_Prompt_
All the data should be repeated exactly. Any image in it is left out.

_Provided material_
★ ★ ★ ★ ★ ★ ★

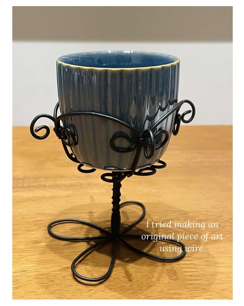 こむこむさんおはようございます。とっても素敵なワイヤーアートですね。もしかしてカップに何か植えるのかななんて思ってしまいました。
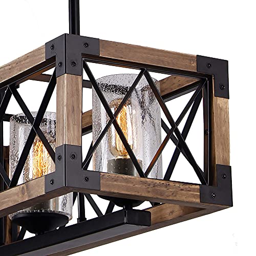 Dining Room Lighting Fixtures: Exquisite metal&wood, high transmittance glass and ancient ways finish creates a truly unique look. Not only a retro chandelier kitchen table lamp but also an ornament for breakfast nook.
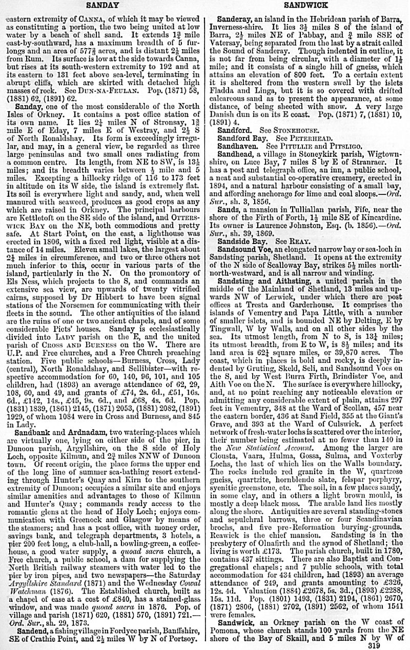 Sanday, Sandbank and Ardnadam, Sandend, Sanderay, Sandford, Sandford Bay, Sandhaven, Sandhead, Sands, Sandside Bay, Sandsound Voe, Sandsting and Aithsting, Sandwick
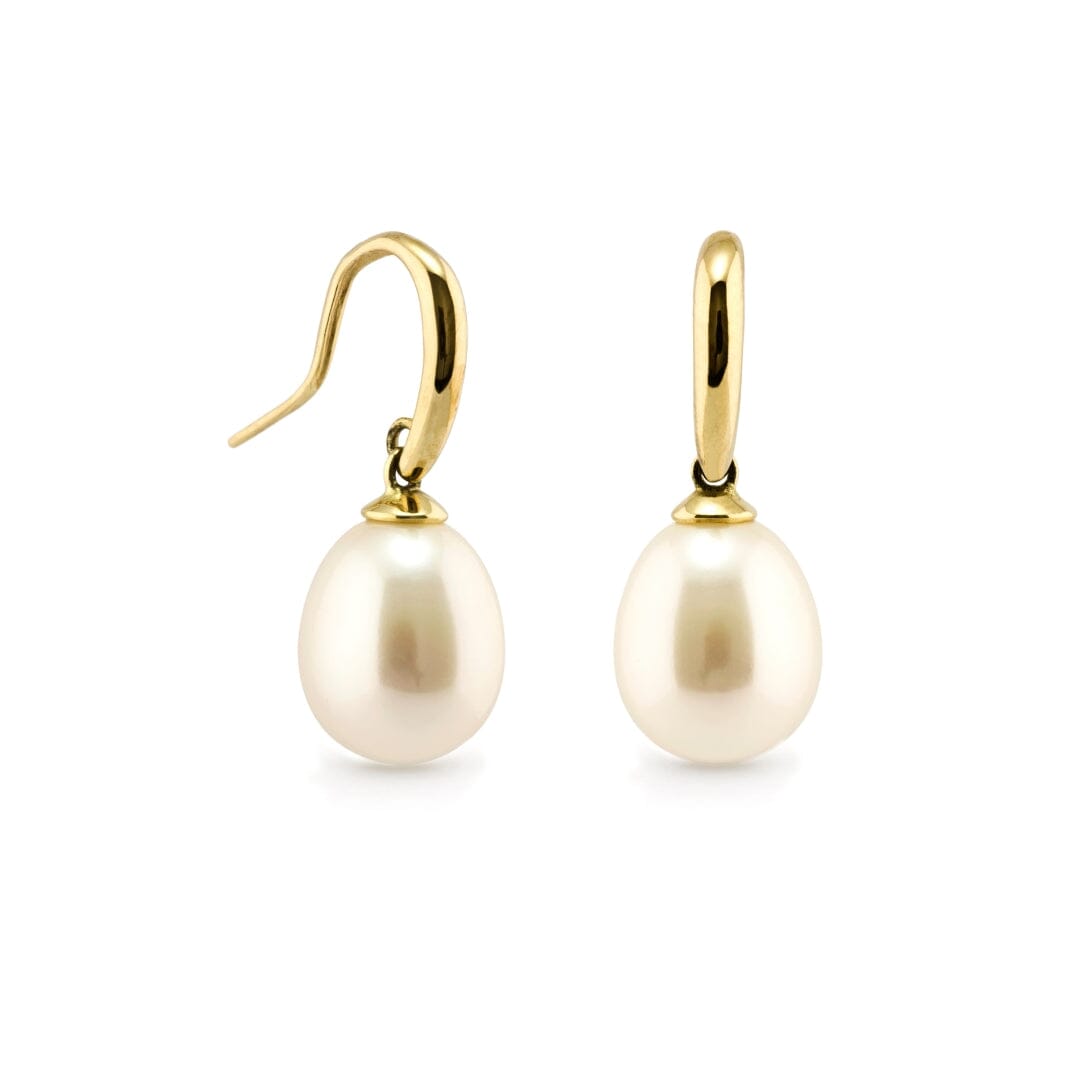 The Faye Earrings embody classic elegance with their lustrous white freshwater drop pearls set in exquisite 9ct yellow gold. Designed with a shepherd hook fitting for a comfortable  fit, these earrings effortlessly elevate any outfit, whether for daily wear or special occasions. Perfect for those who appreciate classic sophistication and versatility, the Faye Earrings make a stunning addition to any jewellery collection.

★ ★ ★ ★ ★ ★ ★

_Your solution_
 こむこむさんおはようございます。とっても素敵なワイヤーアートですね。もしかしてカップに何か植えるのかななんて思ってしまいました。
 Dining Room Lighting Fixtures: Exquisite metal&wood, high transmittance glass and ancient ways finish creates a truly unique look. Not only a retro chandelier kitchen table lamp but also an ornament for breakfast nook.
 Sanday, Sandbank and Ardnadam, Sandend, Sanderay, Sandford, Sandford Bay, Sandhaven, Sandhead, Sands, Sandside Bay, Sandsound Voe, Sandsting and Aithsting, Sandwick
 The Faye Earrings embody classic elegance with their lustrous white freshwater drop pearls set in exquisite 9ct yellow gold. Designed with a shepherd hook fitting for a comfortable  fit, these earrings effortlessly elevate any outfit, whether for daily wear or special occasions. Perfect for those who appreciate classic sophistication and versatility, the Faye Earrings make a stunning addition to any jewellery collection.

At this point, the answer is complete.